Each prompt $u \in \mathcal{U}$ appears infinitely many times. There exists a constant $C < \infty$ such that

$$ \sum_{t \ge 1}\mathbb{E}\left[ D_{\mathrm{KL}}\left( \mu(\dot{a}_{t+1} \mid \underline{ao}_{\le t}) \;\middle\|\; M(a_{t+1} \mid \underline{\hat{a}o}_{\le t}) \right) \right] \le C. $$

Consequently, by the finite mistakes corollary, only finitely many large deviations from the counterfactual can occur, and if $f(\cdot \mid u)$ is deterministic, only finitely many literal mismatches occur.

Proof.

Construction. Organize the world-written stream into an infinite sequence of prompt-gap pairs indexed by $i \ge 1$. Before the $i$-th gap, the world writes a nonempty block from which $u_i$ is uniquely decodable at decision time. Choose the $u_i$ according to a dovetailing strategy, so each prompt appears infinitely many times. Let $k_i$ be a potential action index at the start of that gap, and ensure gaps do not overlap and are separated by at least one further nonempty world-written block.

At each $k_i$, draw the gate coin

$$ \gamma(k_i) \sim \mathrm{Bernoulli}(\rho) $$

with a fixed bias $\rho \in (0,1)$, and hold $\gamma(k_i)$ fixed throughout the ensuing $\mathcal{A}$-block. Define $\mu$ to be a primitive computable measure that, at the start of the $i$-th gap, generates the world continuation target according to $f(\cdot \mid u_i)$, revealed on-path when $\gamma(k_i)=0$, and otherwise remaining counterfactual as $\dot{a}$ for the counterfactual-action definition. By construction, conditional on the agent-visible history immediately before $k_i$, the coin $\gamma(k_i)$ is independent of the ensuing world-generated $\mathcal{A}$-token, and the gate is held fixed through the slot. Then $\gamma(k_i)=1$ occurs infinitely often with probability $1$.

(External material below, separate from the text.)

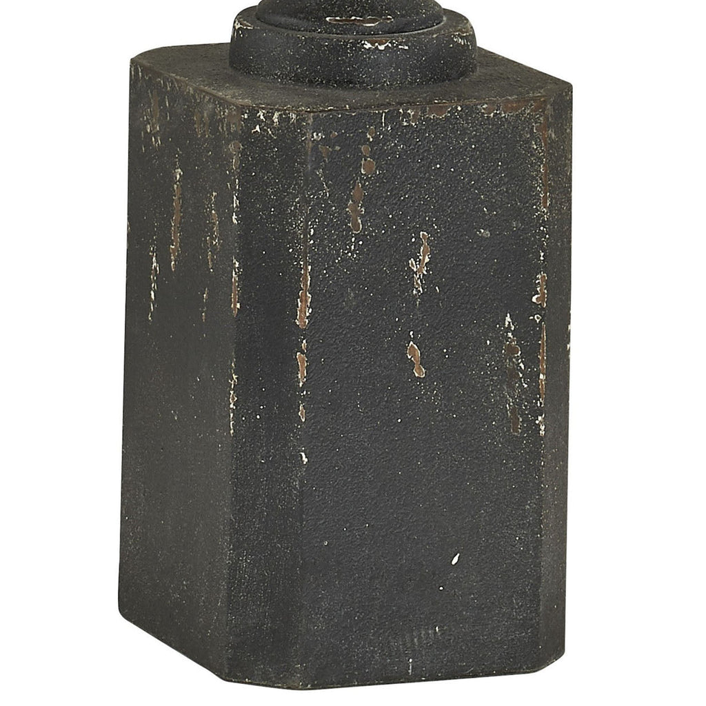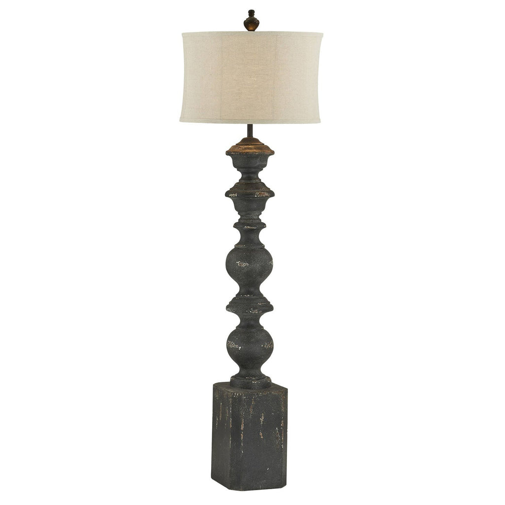 Brings a bold statement with its sculptural silhouette and aged charm. Crafted from resin in a slightly worn black finish and gold accents. , the base features a striking stacked design with turned details, reminiscent of antique wooden balusters. A natural linen shade balances the look with soft texture and warm lighting. Blending rustic and traditional influences, this lamp is a standout piece for spaces that need a touch of timeless character.
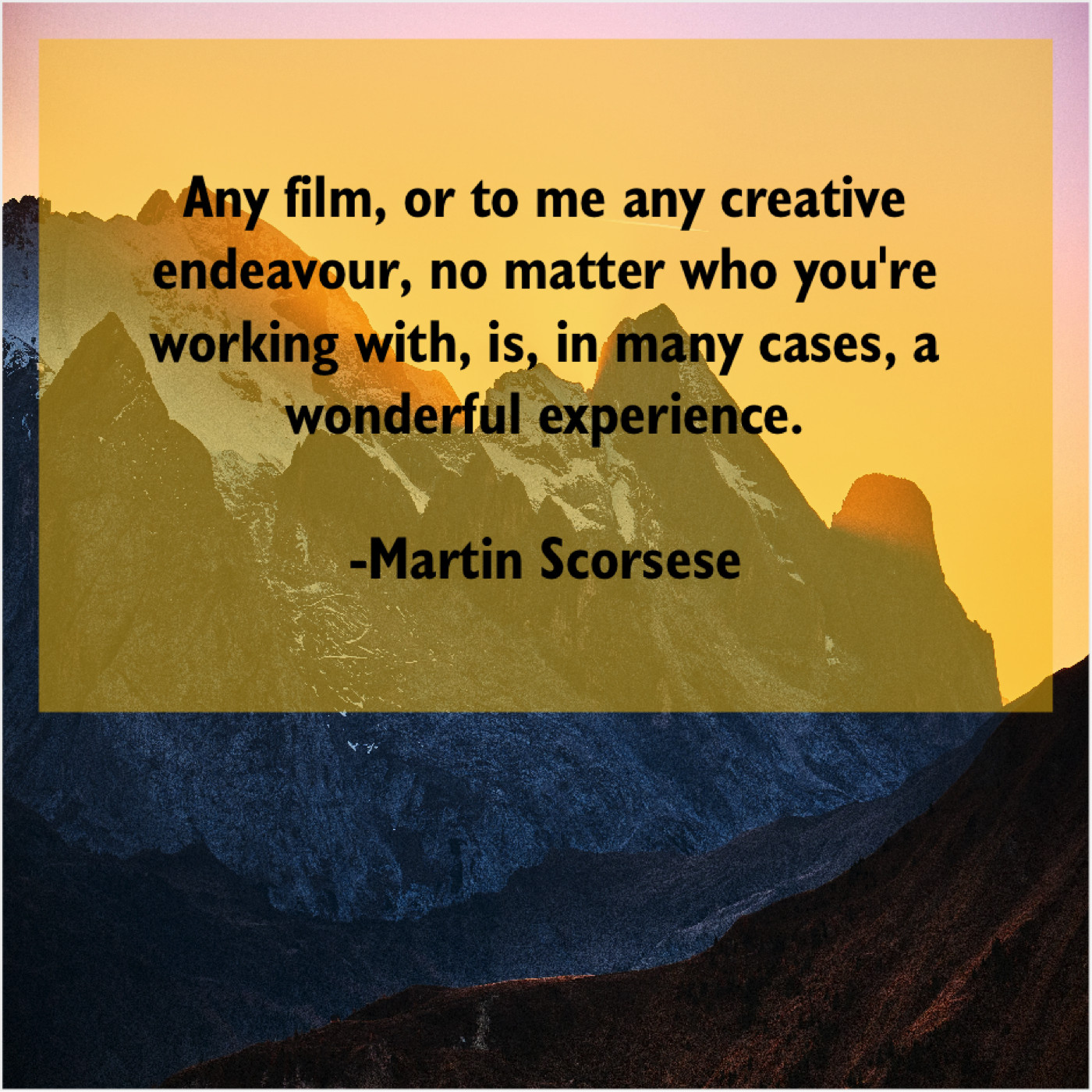 Martin Scorsese Martin Scorsese – Any film, or to me… July 8, 2019 admin “Any film, or to me any creative endeavour, no matter who you’re working with, is, in many cases, a wonderful experience.”-Martin Scorsese

Apply the universal bound. The setup satisfies the standard assumptions with $\rho_i \equiv \rho$ and $\mu$ primitive, so the universal bound on actions gives

$$ \sum_{t \ge 1}\mathbb{E}\left[ D_{\mathrm{KL}}\left( \mu(\dot{a}_{t+1} \mid \underline{ao}_{\le t}) \;\middle\|\; M(\cdot \mid \underline{\hat{a}o}_{\le t}) \right) \right] \le \frac{\rho}{1-\rho}\,C_\mu. $$

Taking

$$ C := \frac{\rho}{1-\rho}\,C_\mu $$

yields the claim, and the identity

$$ \mu(\dot{a}_{t+1}=a \mid \underline{ao}_{\le t}) = f(a \mid u_t) $$

holds by construction on each agent-assigned slot.

A useful way to read the preceding results is as schema acquisition with context identification. The interaction stream need not encode a single uniform behavioral regularity: it can contain many qualitatively different continuation principles, such as task procedures, tool protocols, dialogue norms, and choice rules, each applicable only in certain situations. Formally, we can view this as a computable partition of the prompt space

$$ \mathcal{U} = \bigsqcup_{j=1}^J \mathcal{U}^{(j)} $$

together with a family of computable continuation rules $f^{(j)}(\cdot \mid u)$ on $\mathcal{A}$, where the operative rule depends on which cell contains the current prompt. The substantive learning problem is therefore not merely to fit a single rule, but to infer which rule is in force by extracting the right situational cues from the transcript, that is, to learn the partitioning of contexts and the corresponding schema within each cell.

Let $\mathcal{U}$ be a countably infinite prompt set with a computable partition

$$ \mathcal{U} = \bigsqcup_{j=1}^J \mathcal{U}^{(j)}, $$

where each $\mathcal{U}^{(j)}$ is infinite. For each $j \in \{1,\ldots,J\}$ let $f^{(j)}(\cdot \mid u)$ be a computable measure on $\mathcal{A}$ indexed by $u \in \mathcal{U}^{(j)}$. Define the combined rule

$$ f(a \mid u) := f^{(j)}(a \mid u) $$

for the unique $j$ with $u \in \mathcal{U}^{(j)}$.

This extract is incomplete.